PECOTA and CAIRO are basically dead even on the offense. They're projecting 917 runs and CAIRO says 916. The big difference is the runs allowed. CAIRO says 695, PECOTA says 789.
Here's how the pitching projections differ.
cIP: Projected IP in CAIRO
cR: Projected runs allowed in CAIRO
pIP: Projected IP in PECOTA
pR: Projected runs allowed in PECOTA
dIP: cIP minus pIP
dR: cR minus pR
The CAIRO IP are based on the last set of Diamond Mind simulations I ran, averaged over 100 seasons so they don't line up with what the CAIRO spreadsheet, and they need to be tweaked further. I didn't realize Burnett was only pitching 167 innings, for example. However, if you look at where things differ, it's primarily with Burnett and Gaudin in terms of rate of performance, and then in how many innings they're allocating to people like Boone Logan and Jonathan Albaladejo.

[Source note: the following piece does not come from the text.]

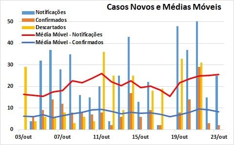 A média móvel máxima diária dos casos confirmados sofreu ligeiro aumento no período dos últimos 7 dias, passando de 9 para 10. Nas notificações não houve variação, mas ocorreu aumento na taxa dos casos descartados, resultando em elevação para 38,5% da relação entre casos confirmados e notificados.

Digging a little deeper into what these numbers say, PECOTA isn't displaying total runs allowed so I divided the total 789 runs allowed in their standings by the 673 projected earned runs on the team depth chart to reverse engineer it. Right off the bat this looks off, because the ratio is 1.172. The typical ratio is generally 1.08. In fact, this is really, really, really screwed up. Since 1946, there have been 1507 team seasons. I'm using that cutoff to remove the small glove/ deadball era and the WWII era where you had players who didn't belong in the majors to get closer to the modern error rate. In those 1507 seasons, there have been 59 teams that had a RA/ER ratio that high or worse. So they're either predicting the 2010 Yankees to allow unearned runs at a rate that has happened at a rate of 0.03915063 in the MLB team seasons since 1946, or they screwed something up.
They have some smart guys over there, so my guess is it's the latter. As someone who screws up his spreadsheets constantly, I can understand that. I left a comment over there asking for them to elaborate. So don't worry about these yet.